What you will do
The whole of the data, every line, should come back exactly the same.

(Data entries)
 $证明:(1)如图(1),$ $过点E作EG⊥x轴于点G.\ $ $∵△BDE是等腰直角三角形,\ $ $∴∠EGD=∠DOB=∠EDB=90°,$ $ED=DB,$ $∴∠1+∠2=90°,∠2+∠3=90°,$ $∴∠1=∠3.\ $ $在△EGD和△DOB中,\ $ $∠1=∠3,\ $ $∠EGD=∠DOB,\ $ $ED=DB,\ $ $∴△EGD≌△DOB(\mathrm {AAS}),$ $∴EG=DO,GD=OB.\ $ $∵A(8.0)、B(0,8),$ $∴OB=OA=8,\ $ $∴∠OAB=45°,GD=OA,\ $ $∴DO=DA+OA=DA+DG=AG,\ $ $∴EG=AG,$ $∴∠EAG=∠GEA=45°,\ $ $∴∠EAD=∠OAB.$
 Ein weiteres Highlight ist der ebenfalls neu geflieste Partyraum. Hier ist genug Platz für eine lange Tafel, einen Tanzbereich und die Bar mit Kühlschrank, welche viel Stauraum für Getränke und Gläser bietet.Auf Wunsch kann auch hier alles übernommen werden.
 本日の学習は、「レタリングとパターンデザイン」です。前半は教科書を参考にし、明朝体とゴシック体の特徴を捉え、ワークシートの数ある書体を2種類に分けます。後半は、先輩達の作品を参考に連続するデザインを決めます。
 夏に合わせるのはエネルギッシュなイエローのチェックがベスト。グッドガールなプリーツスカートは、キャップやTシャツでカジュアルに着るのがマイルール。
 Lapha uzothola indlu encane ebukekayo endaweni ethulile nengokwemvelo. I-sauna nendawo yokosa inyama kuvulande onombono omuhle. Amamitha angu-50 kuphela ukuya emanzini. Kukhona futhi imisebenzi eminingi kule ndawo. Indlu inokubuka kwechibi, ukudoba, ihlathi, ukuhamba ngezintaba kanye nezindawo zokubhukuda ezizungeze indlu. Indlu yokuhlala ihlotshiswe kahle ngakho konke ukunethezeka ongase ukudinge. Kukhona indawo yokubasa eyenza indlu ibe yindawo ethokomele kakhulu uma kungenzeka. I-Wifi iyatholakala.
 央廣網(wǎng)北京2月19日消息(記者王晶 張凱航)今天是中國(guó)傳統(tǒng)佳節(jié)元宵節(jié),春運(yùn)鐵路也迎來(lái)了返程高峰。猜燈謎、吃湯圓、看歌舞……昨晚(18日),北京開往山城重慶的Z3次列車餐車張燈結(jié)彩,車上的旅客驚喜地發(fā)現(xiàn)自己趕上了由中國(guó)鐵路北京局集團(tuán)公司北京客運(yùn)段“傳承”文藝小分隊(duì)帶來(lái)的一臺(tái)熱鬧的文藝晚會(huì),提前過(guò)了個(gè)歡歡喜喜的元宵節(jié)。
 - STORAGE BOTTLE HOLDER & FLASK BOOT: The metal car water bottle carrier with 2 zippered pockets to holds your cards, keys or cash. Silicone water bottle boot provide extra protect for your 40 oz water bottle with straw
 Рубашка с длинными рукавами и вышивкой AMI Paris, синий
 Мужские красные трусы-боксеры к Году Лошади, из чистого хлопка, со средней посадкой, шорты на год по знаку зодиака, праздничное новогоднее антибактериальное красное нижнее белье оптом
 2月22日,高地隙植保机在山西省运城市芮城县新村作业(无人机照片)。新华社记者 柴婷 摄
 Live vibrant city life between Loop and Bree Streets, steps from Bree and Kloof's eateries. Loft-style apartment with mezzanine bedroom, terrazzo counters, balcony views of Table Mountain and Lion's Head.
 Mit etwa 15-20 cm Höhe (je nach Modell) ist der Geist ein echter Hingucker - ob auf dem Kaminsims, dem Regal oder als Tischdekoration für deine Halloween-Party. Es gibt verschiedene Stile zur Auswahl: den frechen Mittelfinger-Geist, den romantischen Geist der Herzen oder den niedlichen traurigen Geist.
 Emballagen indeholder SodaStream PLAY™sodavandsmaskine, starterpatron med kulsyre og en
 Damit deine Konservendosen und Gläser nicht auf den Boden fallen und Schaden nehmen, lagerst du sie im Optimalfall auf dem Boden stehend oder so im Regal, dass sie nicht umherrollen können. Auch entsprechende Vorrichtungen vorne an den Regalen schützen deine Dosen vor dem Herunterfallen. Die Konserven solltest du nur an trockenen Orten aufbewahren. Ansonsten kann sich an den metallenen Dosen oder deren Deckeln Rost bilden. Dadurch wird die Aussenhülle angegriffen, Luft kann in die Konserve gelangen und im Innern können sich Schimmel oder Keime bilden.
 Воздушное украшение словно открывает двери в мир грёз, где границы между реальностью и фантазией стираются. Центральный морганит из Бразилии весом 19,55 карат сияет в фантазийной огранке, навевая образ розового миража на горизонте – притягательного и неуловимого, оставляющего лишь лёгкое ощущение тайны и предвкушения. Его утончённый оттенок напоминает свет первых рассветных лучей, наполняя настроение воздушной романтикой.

Solution to the exercise
 $证明:(1)如图(1),$ $过点E作EG⊥x轴于点G.\ $ $∵△BDE是等腰直角三角形,\ $ $∴∠EGD=∠DOB=∠EDB=90°,$ $ED=DB,$ $∴∠1+∠2=90°,∠2+∠3=90°,$ $∴∠1=∠3.\ $ $在△EGD和△DOB中,\ $ $∠1=∠3,\ $ $∠EGD=∠DOB,\ $ $ED=DB,\ $ $∴△EGD≌△DOB(\mathrm {AAS}),$ $∴EG=DO,GD=OB.\ $ $∵A(8.0)、B(0,8),$ $∴OB=OA=8,\ $ $∴∠OAB=45°,GD=OA,\ $ $∴DO=DA+OA=DA+DG=AG,\ $ $∴EG=AG,$ $∴∠EAG=∠GEA=45°,\ $ $∴∠EAD=∠OAB.$
 Ein weiteres Highlight ist der ebenfalls neu geflieste Partyraum. Hier ist genug Platz für eine lange Tafel, einen Tanzbereich und die Bar mit Kühlschrank, welche viel Stauraum für Getränke und Gläser bietet.Auf Wunsch kann auch hier alles übernommen werden.
 本日の学習は、「レタリングとパターンデザイン」です。前半は教科書を参考にし、明朝体とゴシック体の特徴を捉え、ワークシートの数ある書体を2種類に分けます。後半は、先輩達の作品を参考に連続するデザインを決めます。
 夏に合わせるのはエネルギッシュなイエローのチェックがベスト。グッドガールなプリーツスカートは、キャップやTシャツでカジュアルに着るのがマイルール。
 Lapha uzothola indlu encane ebukekayo endaweni ethulile nengokwemvelo. I-sauna nendawo yokosa inyama kuvulande onombono omuhle. Amamitha angu-50 kuphela ukuya emanzini. Kukhona futhi imisebenzi eminingi kule ndawo. Indlu inokubuka kwechibi, ukudoba, ihlathi, ukuhamba ngezintaba kanye nezindawo zokubhukuda ezizungeze indlu. Indlu yokuhlala ihlotshiswe kahle ngakho konke ukunethezeka ongase ukudinge. Kukhona indawo yokubasa eyenza indlu ibe yindawo ethokomele kakhulu uma kungenzeka. I-Wifi iyatholakala.
 央廣網(wǎng)北京2月19日消息(記者王晶 張凱航)今天是中國(guó)傳統(tǒng)佳節(jié)元宵節(jié),春運(yùn)鐵路也迎來(lái)了返程高峰。猜燈謎、吃湯圓、看歌舞……昨晚(18日),北京開往山城重慶的Z3次列車餐車張燈結(jié)彩,車上的旅客驚喜地發(fā)現(xiàn)自己趕上了由中國(guó)鐵路北京局集團(tuán)公司北京客運(yùn)段“傳承”文藝小分隊(duì)帶來(lái)的一臺(tái)熱鬧的文藝晚會(huì),提前過(guò)了個(gè)歡歡喜喜的元宵節(jié)。
 - STORAGE BOTTLE HOLDER & FLASK BOOT: The metal car water bottle carrier with 2 zippered pockets to holds your cards, keys or cash. Silicone water bottle boot provide extra protect for your 40 oz water bottle with straw
 Рубашка с длинными рукавами и вышивкой AMI Paris, синий
 Мужские красные трусы-боксеры к Году Лошади, из чистого хлопка, со средней посадкой, шорты на год по знаку зодиака, праздничное новогоднее антибактериальное красное нижнее белье оптом
 2月22日,高地隙植保机在山西省运城市芮城县新村作业(无人机照片)。新华社记者 柴婷 摄
 Live vibrant city life between Loop and Bree Streets, steps from Bree and Kloof's eateries. Loft-style apartment with mezzanine bedroom, terrazzo counters, balcony views of Table Mountain and Lion's Head.
 Mit etwa 15-20 cm Höhe (je nach Modell) ist der Geist ein echter Hingucker - ob auf dem Kaminsims, dem Regal oder als Tischdekoration für deine Halloween-Party. Es gibt verschiedene Stile zur Auswahl: den frechen Mittelfinger-Geist, den romantischen Geist der Herzen oder den niedlichen traurigen Geist.
 Emballagen indeholder SodaStream PLAY™sodavandsmaskine, starterpatron med kulsyre og en
 Damit deine Konservendosen und Gläser nicht auf den Boden fallen und Schaden nehmen, lagerst du sie im Optimalfall auf dem Boden stehend oder so im Regal, dass sie nicht umherrollen können. Auch entsprechende Vorrichtungen vorne an den Regalen schützen deine Dosen vor dem Herunterfallen. Die Konserven solltest du nur an trockenen Orten aufbewahren. Ansonsten kann sich an den metallenen Dosen oder deren Deckeln Rost bilden. Dadurch wird die Aussenhülle angegriffen, Luft kann in die Konserve gelangen und im Innern können sich Schimmel oder Keime bilden.
 Воздушное украшение словно открывает двери в мир грёз, где границы между реальностью и фантазией стираются. Центральный морганит из Бразилии весом 19,55 карат сияет в фантазийной огранке, навевая образ розового миража на горизонте – притягательного и неуловимого, оставляющего лишь лёгкое ощущение тайны и предвкушения. Его утончённый оттенок напоминает свет первых рассветных лучей, наполняя настроение воздушной романтикой.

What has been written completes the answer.